All three measures of attitudes and beliefs were significantly associated with vaccine intention (ie, plan to get vaccinated as soon as possible, see table 2, model 1). Participants were more likely to intend to get vaccinated if they thought they might get sick with COVID-19 within 12 months (+9.2 percentage points, p<0.05), and if they believed that the vaccine is effective in preventing COVID-19 infection and/or death (+31.6 percentage points, p<0.01). Participants who believed that the vaccine is unsafe were less likely to intend to get vaccinated (−19.6 percentage points, p<0.01). Stated vaccine intentions were also associated with social norms, with intentions greater among participants who believed that most people in their area had been vaccinated (+7.0 percentage points, p<0.05, compared with those who believed hardly anyone or did not know), and among participants who lived with someone already vaccinated against COVID-19 (+6.6 percentage points, p<0.05). The association between perceived behavioural control and vaccine intention ran in the opposite direction to TPB predictions: those with greater access-related barriers were more likely to plan to get vaccinated as soon as possible (+8.0 percentage points per scale point, p<0.01). Model 2 (table 2) replaced the access barrier scale with each binary component of the scale to explore this further. All components had a positive association, with not having time strongly associated with plans to get vaccinated as soon as possible (+12.2 percentage points, p<0.01).

Table 2

Multivariable ordinary least squares regression models of COVID-19 vaccine intention (dependent variable: plans to get vaccinated as soon as possible, Survey 1) with control variables

Results were substantively similar in unadjusted (online supplemental table S1), logistic (online supplemental table S2) and full Survey 1 sample (online supplemental table S3) models.

Supplemental material

COVID-19 vaccine uptake

Three hundred and eighty-six CVACS participants self-reported having received at least one dose of a coronavirus vaccine at Survey 2, a vaccination rate of 19% between November/December 2021 and March 2022. The equivalent vaccination rate among all adult South Africans unvaccinated by mid-December 2021 was approximately 7.5% over the same period.4 The higher vaccination rate within the study sample was likely driven by selection bias arising from survey attrition and sample selection (ie, those who agreed to be reinterviewed may have been more likely to have been vaccinated).

Predictors of COVID-19 vaccine uptake

Vaccine intention was strongly associated with vaccine uptake (table 3, models 1 and 2). Participants who reported in Survey 1 that they wanted to get vaccinated as soon as possible were 27.2 percentage points more likely (p<0.01) to get vaccinated than other participants (model 1). Using the categorical measure of intentions, with the reference group being those who reported ‘wait and see’ in Survey 1, individuals who wanted to get vaccinated as soon as possible were 24.4 percentage points more likely (p<0.01) to get vaccinated, and those who definitely did not want to get vaccinated were 7.8 percentage points less likely (p<0.01) to get vaccinated (model 2).

Table 3

Multivariable ordinary least squares regression models of COVID-19 vaccine uptake (dependent variable: vaccine status in Survey 2)

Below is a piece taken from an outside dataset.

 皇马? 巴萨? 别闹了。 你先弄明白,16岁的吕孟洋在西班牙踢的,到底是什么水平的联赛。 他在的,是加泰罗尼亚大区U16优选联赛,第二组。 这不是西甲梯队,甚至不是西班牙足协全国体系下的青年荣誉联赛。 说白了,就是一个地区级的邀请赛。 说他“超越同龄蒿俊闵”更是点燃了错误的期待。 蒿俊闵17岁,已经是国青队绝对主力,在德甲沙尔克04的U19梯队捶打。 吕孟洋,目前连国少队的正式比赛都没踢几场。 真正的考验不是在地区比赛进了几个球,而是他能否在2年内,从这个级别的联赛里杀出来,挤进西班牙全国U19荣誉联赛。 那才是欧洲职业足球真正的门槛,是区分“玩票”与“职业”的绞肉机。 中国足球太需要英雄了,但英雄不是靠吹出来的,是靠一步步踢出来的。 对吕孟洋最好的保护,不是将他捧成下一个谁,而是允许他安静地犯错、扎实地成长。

With vaccine intentions excluded from the analysis, two of the attitude/belief measures were significantly associated with vaccine uptake (table 3, model 3). Participants were more likely to get vaccinated if they believed that the vaccine is effective in preventing COVID-19 infection and/or death (+12.4 percentage points, p<0.01). Participants were less likely to get vaccinated if they believed that the vaccine is unsafe (−9.0 percentage points, p<0.01). Neither the subjective norms nor the behavioural control measures were significant predictors of vaccine uptake among the full balanced panel sample.

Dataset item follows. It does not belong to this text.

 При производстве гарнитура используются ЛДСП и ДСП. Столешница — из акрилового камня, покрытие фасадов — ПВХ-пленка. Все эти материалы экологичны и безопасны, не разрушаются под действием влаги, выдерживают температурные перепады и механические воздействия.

As expected (based on the TPB), in the full model with vaccine intentions included (table 3, models 4 and 5), only vaccine intentions remained a significant predictor of vaccine uptake.

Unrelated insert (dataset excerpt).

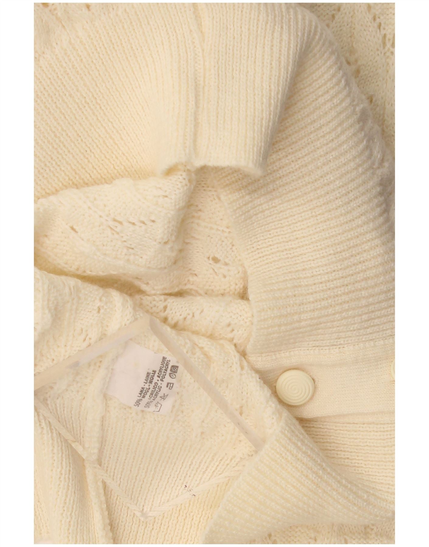 - AI Description: This Vintage womens cardigan sweater is crafted from a soft wool and acrylic blend knit. The off white fabric features a delicate lace pattern. It has a classic V-neckline and long sleeves. The regular fit ensures comfortable wear. Tonal buttons provide a neat front closure. Ribbed cuffs and hem complete the traditional design.

Results were substantively similar in unadjusted (online supplemental table S4) and logistic (online supplemental table S5) models.

Subgroup analysis: predictors of COVID-19 vaccine uptake among participants concerned about vaccine safety and among participants concerned about vaccine efficacy

Among participants who did not believe the vaccine is safe (table 4, model 1), participants were more likely to get vaccinated if they thought they may get sick with COVID-19 within 12 months (+12.9 percentage points, p<0.05), if they believed that the vaccine is effective in preventing COVID-19 infection and/or death (+8.7 percentage points, p<0.05) and if they lived with someone already vaccinated against COVID-19 (+6.4 percentage points, p<0.05).

Table 4

Multivariable ordinary least squares regression models of COVID-19 vaccine uptake among participants concerned about vaccine safety (model 1) and participants who do not believe the vaccine is effective (model 2)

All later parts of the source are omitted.